ALA Editions Special Report explores cultural humility as a component of DEI efforts
For Immediate Release
ALA Publishing & Media
American Library Association
CHICAGO — Cultural humility is emerging as a preferred approach to diversity, equity, and inclusion (DEI) efforts within librarianship. At a time when library workers are critically examining their professional practices, cultural humility offers a potentially transformative framework of compassionate accountability; it asks us to recognize the limits to our knowledge, reckon with our ongoing fallibility, educate ourselves about the power imbalances in our organizations, and commit to making change. A new ALA Editions Special Report, “Cultural Humility” by David A. Hurley, Sarah R. Kostelecky, and Lori Townsend introduces the concept and outlines its core tenets. As relevant to those currently studying librarianship as it is to long-time professionals, and applicable across multiple settings including archives and museums, from this book readers will:
- learn why cultural humility offers an ideal approach for navigating the spontaneous interpersonal interactions in libraries, whether between patrons and staff or amongst staff members themselves;
- understand how it intersects with cultural competence models and critical race theory;
- see the ways in which cultural humility’s awareness of and commitment to challenging inequitable structures of power can act as a powerful catalyst for community engagement;
- come to recognize how a culturally humble approach supports DEI work by acknowledging the need for mindfulness in day-to-day interactions;
- reflect upon cultural humility’s limitations and the criticisms that some have leveled against it; and
- take away concrete tools for undertaking and continuing such work with patience and hope.
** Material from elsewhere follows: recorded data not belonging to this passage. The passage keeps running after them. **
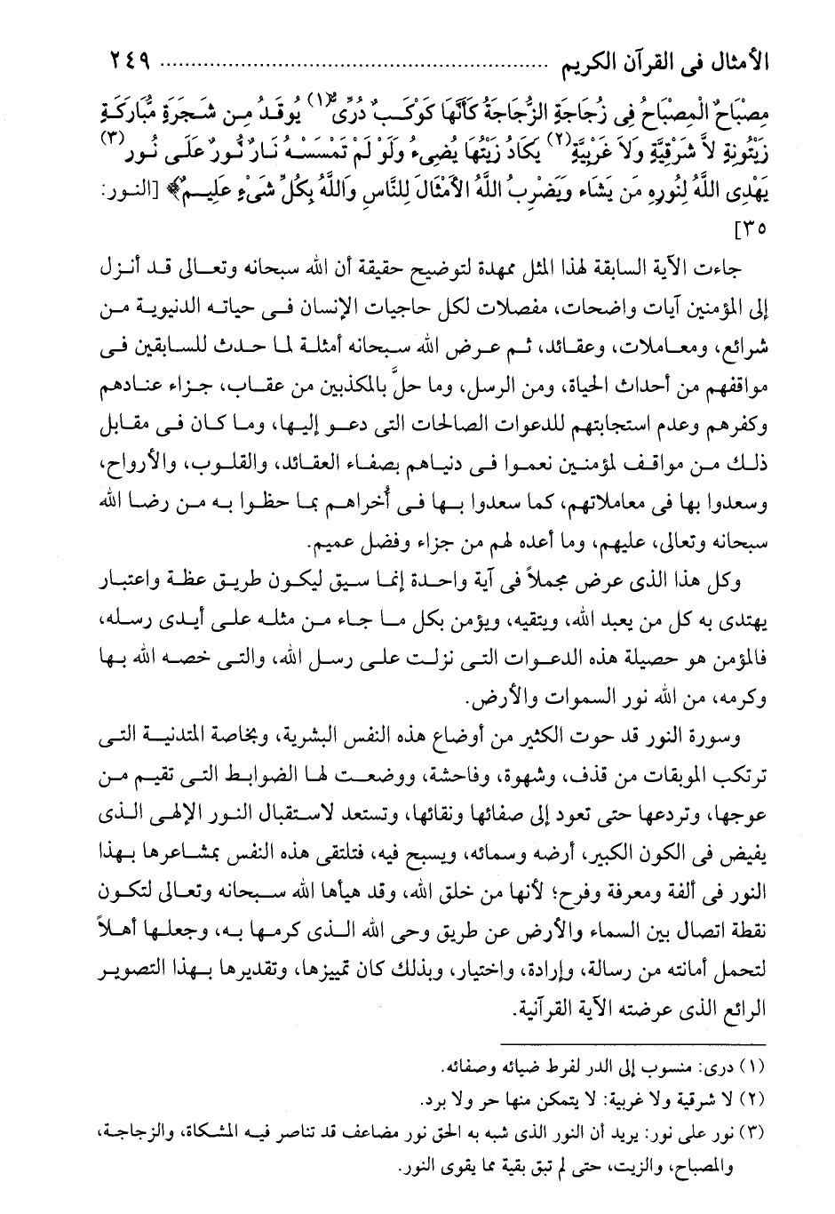 مِصْباحٌ الْمِصْباحُ فِي زُجاجَةٍ الزُّجاجَةُ كَأَنَّها كَوْكَبٌ دُرِّيٌّ (¬1) يُوقَدُ مِنْ شَجَرَةٍ مُبارَكَةٍ زَيْتُونَةٍ لا شَرْقِيَّةٍ وَلا غَرْبِيَّةٍ (¬2) يَكادُ زَيْتُها يُضِيءُ وَلَوْ لَمْ تَمْسَسْهُ نارٌ نُورٌ عَلى نُورٍ (¬3) يَهْدِي اللَّهُ لِنُورِهِ مَنْ يَشاءُ وَيَضْرِبُ اللَّهُ الْأَمْثالَ لِلنَّاسِ وَاللَّهُ بِكُلِّ شَيْءٍ عَلِيمٌ [النور:
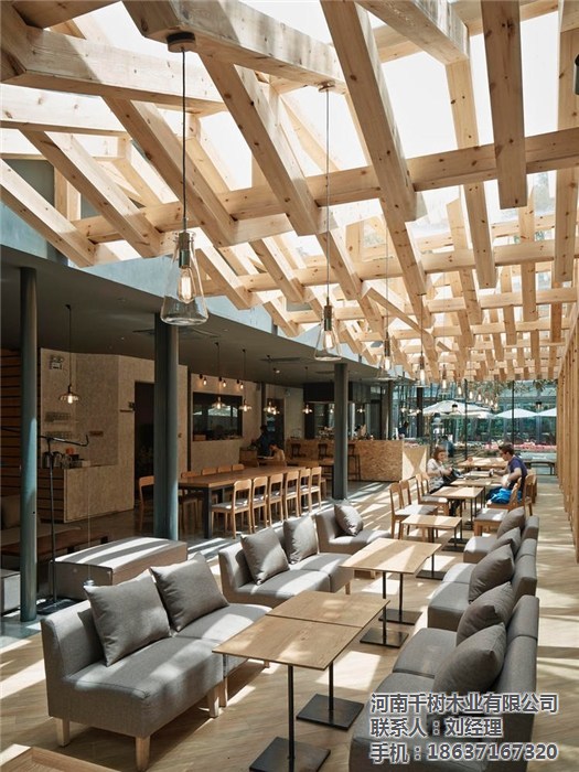 且新增的木梁在原有的鋼梁結(jié)構(gòu)之間交織穿梭,形成豐富有層次的光影效果,尤其是在天氣晴好的時候,體驗感更為直接。對于空間區(qū)域的分割,設(shè)計團隊也著手從天花板部分來創(chuàng)造。比如前述提到的主要的編織木梁結(jié)構(gòu),其下方的空間寬敞明亮,更適合于那些喜愛沐浴在陽光或自然天光之下的客人們。而靠近建筑內(nèi)部的空間,在灰黑色的天花板映襯之下,則要顯得沉穩(wěn)、私密一些,顯然更適合那些需要安靜空間的客人們。
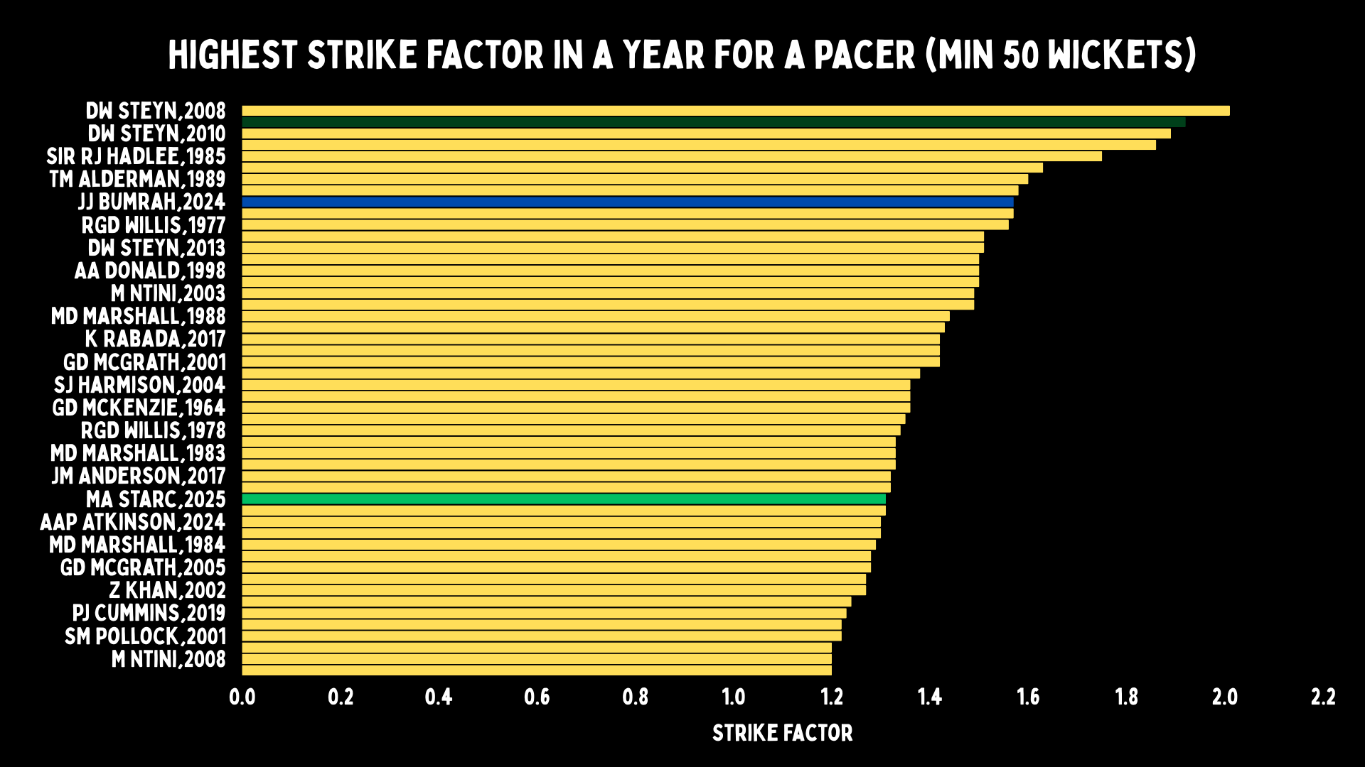He still took his wickets 31% quicker than the other seamers in his games. But for context, Waqar’s ‘93 is second place all-time, and 2024 Bumrah was up at 57% as well. Both of those bowlers were in their peaks.
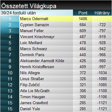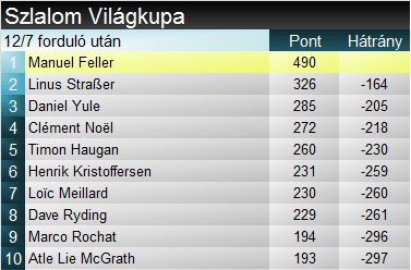 A szakági világkupában Feller a mai újabb erős pontszerzéssel tovább növelte előnyét a hibázó Straßerrel szemben. Yule a szerencsés győzelemmel a szakági harmadik helyére ugrott előre, igaz hátránya 200 pont feletti a naptár felén már túljutva. Az összetett elejére komoly hatást nem gyakorolt a mai verseny. Az élmezőny egyetlen szlalomosa, Feller újabb kisebb lépést tett az összetett dobogó felé. Meillard az utóbbi hetek egyre erősebb eredményei révén átugrotta a sérült Schwarzot és Kildét, így immár az összetett 5. helyét foglalja el.

Examination copies are available for instructors who are interested in adopting this title for course use.
The authors are also collaborators on the forthcoming book “Hopeful Visions, Practical Actions: Cultural Humility in Library Work,” which is due to be published by ALA Editions in late 2022.
Hurley and Kostelecky, with Paulita Aguilar, co-edited “Sharing Knowledge and Smashing Stereotypes: Representing Native American, First Nation, and Indigenous Realities in Library Collections,” a special double issue of the journal Collection Management. Hurley is the Web and Discovery Librarian for the University Libraries. He was previously the director of the Diné College libraries on the Navajo Nation, chief of the library development bureau at the New Mexico State Library, and branch and digital services manager for the public library of Albuquerque and Bernalillo County. Kostelecky is the Director of Digital Initiatives and Scholarly Communication (DISC) for University of New Mexico Libraries. Her research focuses on outreach efforts to underrepresented communities, diversity in academic libraries and library collections, and Native American language resources. Prior to working at UNM Libraries, Sarah was the Library Director at the Institute of American Indian Arts (IAIA) in Santa Fe. She is a member of Zuni Pueblo in New Mexico. Townsend is the Learning Services Coordinator and Engineering Librarian for the University of New Mexico Libraries. Before coming to UNM, she worked as the Electronic Collections Librarian at California State University, East Bay from 2005-2010. She is co-author, along with Amy R. Hofer and Silvia Lin Hanick, of the book “Transforming Information Literacy Instruction: Threshold Concepts in Theory and Practice.” She is a member of the Shoshone-Paiute Tribes of Duck Valley.